Updated: Feb 27, 2020
Published: Feb 17, 2019
By: Med Tech Outlook Magazine
Managing Editor: Alex D'souza
-- As neurological disorders, including sleep apnea, epilepsy, brain aneurysm, and brain stroke, are on the rise, the global neurology devices market is also primed to cope with the increasing numbers. However, the high cost of devices, stringent regulations, and shortage of skilled neurologists might pose as some of the significant concerns that can hamper this growth. In order to overcome these challenges, it is expected that wearable neurology devices will drive the market. Especially, since the US FDA has already approved the Embrace2—an MHealth wearable device that uses advanced machine learning technology to detect electrodermal activities in patients, it would reinforce a positive impact on the overall market growth of neurology devices.
Keeping up with the global neurology devices market, MedTech Outlook has compiled a list of top 10 emerging neurology device providers, in an attempt to help organizations in the medical domain to align their products with the prevailing industry trends.
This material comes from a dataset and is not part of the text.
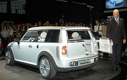 דגם התצוגה החדש, המכונה "מיני-קונספט-פרנקפורט" (במילים אחרות, אין לו שם...), מאשר למעשה את מה שכל תעשיית הרכב ידעה מזמן, ורק ב.מ.וו סרבו לאשר: לדור הבא של המיני תהיה גם גרסת סטיישן. וכמו הטרוולר של אז, מדובר במכונית בעלת מרכב מוארך, אך עדיין בעל שלוש דלתות. בעצם, יש "כמעט" ארבע דלתות, שכן הדלת האחורית נפתחת בשני חלקים מהמרכז כלפי חוץ.

With several innovative technological capabilities and success stories up their sleeves, these neurology device providers are constantly providing the medical domain with some of the best solutions. We hope this issue of MedTech Outlook helps you build the partnership that you require to keep up with the current market trends and the changing neurology device market.
We present to you MedTech Outlook’s “Top 10 Emerging Neurology Device Providers - 2020.”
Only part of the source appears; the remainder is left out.